Ratings1
Average rating3
I went a little rogue on this book and read each family's history as a unit, jumping past the other families' chapters, instead of reading it straight through in page number order. My reason for this was that by the middle of the first chapter of the Spencer story, which followed the first chapter for each of the other families, I was already a little muddled with names and stories. Skipping around the book in order to read each family's history straight through, then moving to the next family, and finishing with them all together in the epilogue, worked out just fine in terms of enjoyment, and much better in terms of following and remembering the stories.

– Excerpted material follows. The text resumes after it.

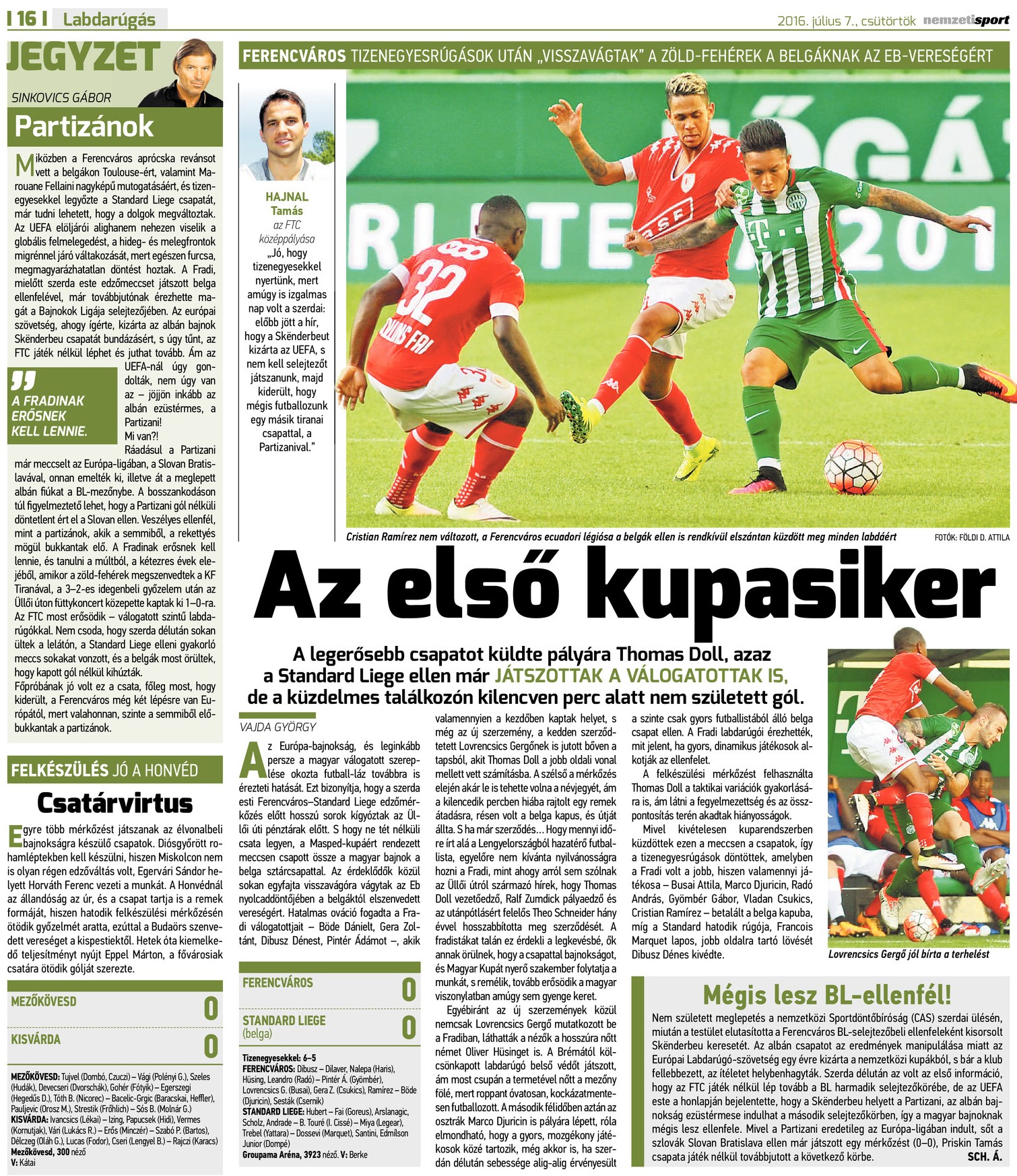 (A Nemzeti Sport, az nso.hu, a Ferencváros és a Standard Liege hivatalos honlapja alapján)

The Wall and Spencer family stories were fascinating, and everything that I had hoped for when I picked up this book - enough said. The Gibson family story, however, I found very disappointing. Things started off very strong with Gideon Gibson and his “journey from black to white”, as it is often called in this book. It was fascinating and thought-provoking, and I wish it had stopped there. Unfortunately it continued on to Gideon Gibson's descendants, focusing primarily on Randall Lee Gibson and Hart Gibson. By this generation (Civil War era) the Gibsons are white, in that they think of themselves as totally white and everyone around them does too. Their whiteness is only questioned once, and it is treated by the Gibsons and everyone else as an absurd notion, one that is so preposterous that they barely respond. This means that readers are reading many chapters of what are essentially mini biographies of white racist Southerners - not what I signed up for. And while it's true that readers are well aware of the irony of the situation, that this racist, anti-black family would have been considered black by its own rules of "purity", Randall Lee and Hart and their children and grandchildren did not know it. The irony is lost on them, so why oh why was the vast majority of the Gibson story about them? Better to have addressed their generations in just one chapter and then moved into the generations that discovered that their family had passed from black to white.